-- Opening Marker --

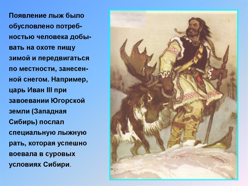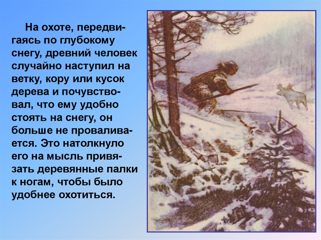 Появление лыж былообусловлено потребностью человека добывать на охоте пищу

-- Closing Marker --
-- Opening Marker --

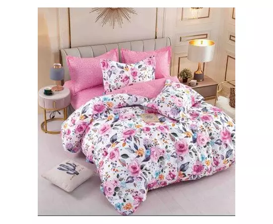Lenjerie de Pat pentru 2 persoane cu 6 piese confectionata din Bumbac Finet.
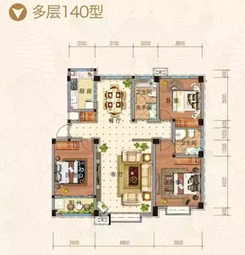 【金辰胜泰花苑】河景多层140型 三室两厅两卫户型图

-- Closing Marker --
-- Opening Marker --

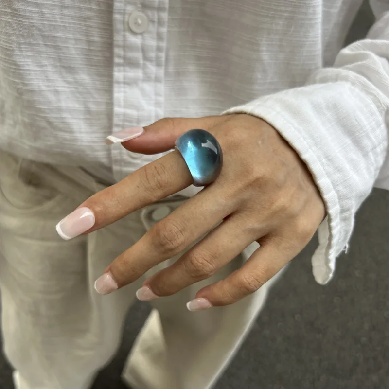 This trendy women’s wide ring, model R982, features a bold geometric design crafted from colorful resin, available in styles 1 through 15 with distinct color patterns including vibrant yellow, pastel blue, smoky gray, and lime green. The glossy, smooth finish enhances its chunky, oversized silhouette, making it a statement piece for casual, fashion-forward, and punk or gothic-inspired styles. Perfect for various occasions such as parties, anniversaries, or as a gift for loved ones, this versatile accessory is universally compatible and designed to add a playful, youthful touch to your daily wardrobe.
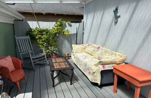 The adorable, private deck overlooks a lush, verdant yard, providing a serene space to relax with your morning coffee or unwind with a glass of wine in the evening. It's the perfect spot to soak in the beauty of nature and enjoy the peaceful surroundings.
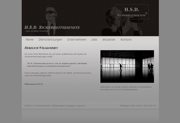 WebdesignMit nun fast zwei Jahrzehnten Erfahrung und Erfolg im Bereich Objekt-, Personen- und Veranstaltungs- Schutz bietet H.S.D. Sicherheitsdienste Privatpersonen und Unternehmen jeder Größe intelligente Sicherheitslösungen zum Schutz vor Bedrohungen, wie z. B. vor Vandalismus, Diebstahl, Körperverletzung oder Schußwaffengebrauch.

-- Closing Marker --

### TO DO
Set down word for word the lines above from the one with "The adorable, private" up to and including the one with "WebdesignMit nun fast". Omit every picture.

### EXERCISE RESULT
 The adorable, private deck overlooks a lush, verdant yard, providing a serene space to relax with your morning coffee or unwind with a glass of wine in the evening. It's the perfect spot to soak in the beauty of nature and enjoy the peaceful surroundings.
 WebdesignMit nun fast zwei Jahrzehnten Erfahrung und Erfolg im Bereich Objekt-, Personen- und Veranstaltungs- Schutz bietet H.S.D. Sicherheitsdienste Privatpersonen und Unternehmen jeder Größe intelligente Sicherheitslösungen zum Schutz vor Bedrohungen, wie z. B. vor Vandalismus, Diebstahl, Körperverletzung oder Schußwaffengebrauch.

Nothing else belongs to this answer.